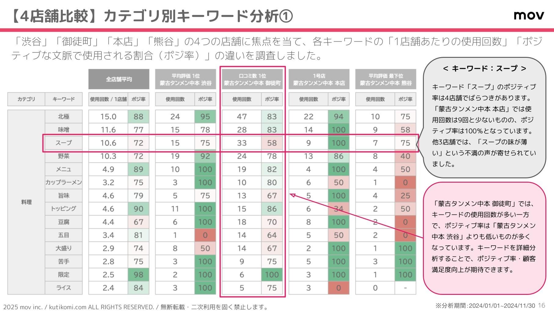 こちらの表では、「蒙古タンメン中本」の口コミにおけるキーワードの「使用回数」「ポジティブな文脈で使用されている割合(ポジティブ率)」を算出し、「使用回数」「ポジティブ率」「ネガティブ率」ごとにランキング形式で分析しています。
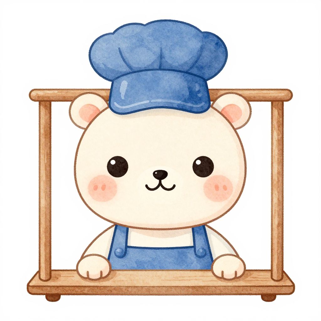 Cute watercolor-style drawing of a white bear wearing a blue chef hat and blue overalls, standing behind a wooden frame.
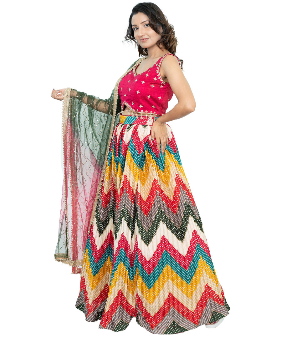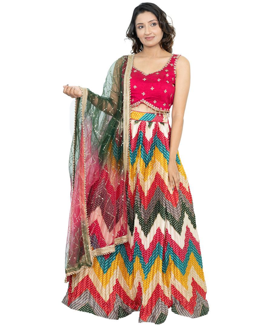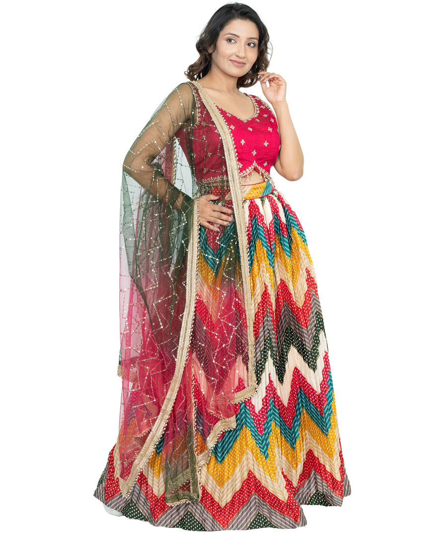 AkVogue Traditional Readymade Red Choli and Multicolour Lehenga
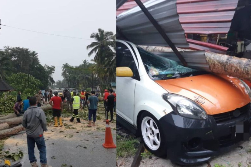 Menurut Solleh, dia sekeluarga turut terkejut apabila tiga pokok kelapa tumbang di sekitar rumah sehingga menghempap kereta Perodua Myvi milik abangnya.
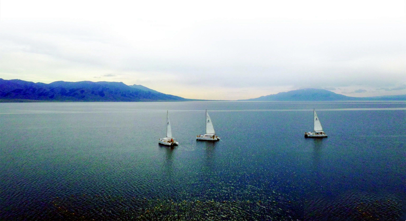 遊客乘帆船在賽裏木湖遊覽(5月19日攝)。 石榴雲/新疆日報記者周鵬攝
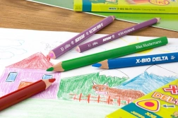 Sæt af store trekantede farveblyanter X-Big Delta i 6 smukke farver er ideelle til små kunstnere. Ergonomisk form for bedre greb og kontrol under tegning.
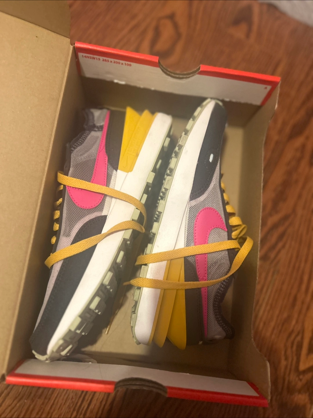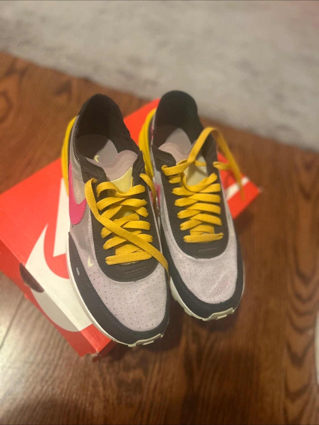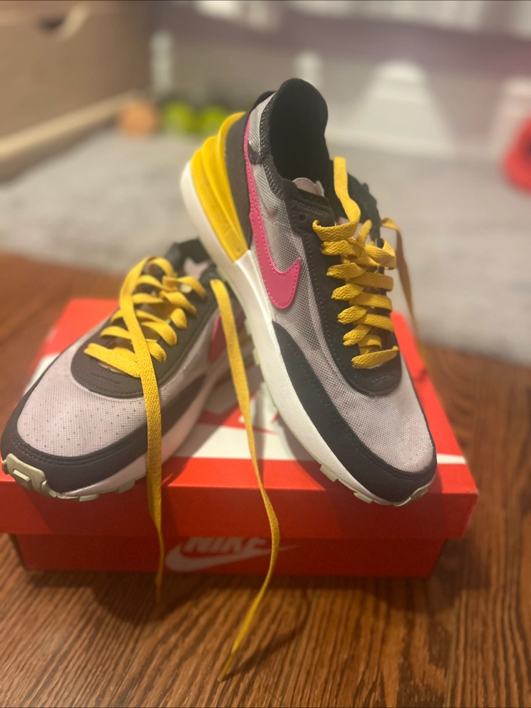 Women's Nike Waffle One MC running shoes. Size 5 UK, 38.5 EUR. Grey, black, and yellow colour scheme. Pink accents. Comes in original box.

☆ ☆ ☆ ☆

Nothing but the lines from the line with "AkVogue Traditional Readymade" through the last line of the listing should be copied, exactly and with both ends kept. Leave pictures out.

- _Answer section_:
 AkVogue Traditional Readymade Red Choli and Multicolour Lehenga
 Menurut Solleh, dia sekeluarga turut terkejut apabila tiga pokok kelapa tumbang di sekitar rumah sehingga menghempap kereta Perodua Myvi milik abangnya.
 遊客乘帆船在賽裏木湖遊覽(5月19日攝)。 石榴雲/新疆日報記者周鵬攝
 Sæt af store trekantede farveblyanter X-Big Delta i 6 smukke farver er ideelle til små kunstnere. Ergonomisk form for bedre greb og kontrol under tegning.
 Women's Nike Waffle One MC running shoes. Size 5 UK, 38.5 EUR. Grey, black, and yellow colour scheme. Pink accents. Comes in original box.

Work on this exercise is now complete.